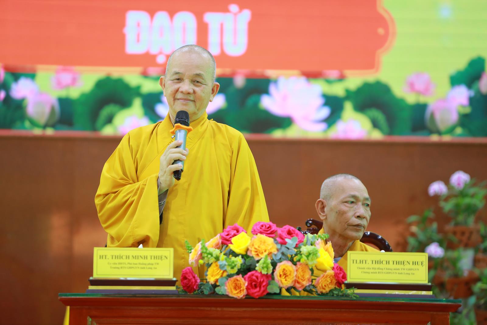 Đãi lao Chư Tôn đức chứng minh, HT. Thích Minh Thiện có lời đạo từ đến các em khoá sinh. Lời đầu tiên, Hoà thượng đã nhắc về công ơn của những vị anh hùng liệt sĩ có công với đất nước và ngài Nguyễn Phú Trọng – Tổng Bí thư Ban Chấp hành Trung ương Đảng Cộng sản Việt Nam, đồng thời nhắc nhở các em khoá sinh bảy tò lòng biết ơn đối với những người có công với lịch sử dân tộc. Hoà thượng hy vọng các khoá sinh sẽ chấp hành nội quy khoá tu, phát huy hết tinh thần học hỏi, trưởng dưỡng yêu thương và từ bi để trở thành người con người con hiếu thảo, người công dân tốt của đất nước. sau cùng, Hoà thượng gửi lời chúc sức khoẻ và an vui đến toàn thể khoá sinh hiện diện.
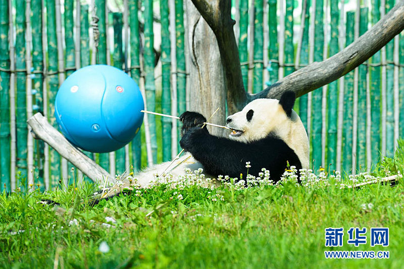 大熊貓思嘉在戶外游戲。新華網發(亞布力熊貓館提供)
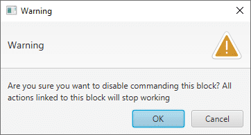 To avoid disabling a block by mistake, the following warning message appears when disabling it:

----------------------------------------

Every word of the material, and none of its pictures, should be set down again.

 Đãi lao Chư Tôn đức chứng minh, HT. Thích Minh Thiện có lời đạo từ đến các em khoá sinh. Lời đầu tiên, Hoà thượng đã nhắc về công ơn của những vị anh hùng liệt sĩ có công với đất nước và ngài Nguyễn Phú Trọng – Tổng Bí thư Ban Chấp hành Trung ương Đảng Cộng sản Việt Nam, đồng thời nhắc nhở các em khoá sinh bảy tò lòng biết ơn đối với những người có công với lịch sử dân tộc. Hoà thượng hy vọng các khoá sinh sẽ chấp hành nội quy khoá tu, phát huy hết tinh thần học hỏi, trưởng dưỡng yêu thương và từ bi để trở thành người con người con hiếu thảo, người công dân tốt của đất nước. sau cùng, Hoà thượng gửi lời chúc sức khoẻ và an vui đến toàn thể khoá sinh hiện diện.
 大熊貓思嘉在戶外游戲。新華網發(亞布力熊貓館提供)
 To avoid disabling a block by mistake, the following warning message appears when disabling it:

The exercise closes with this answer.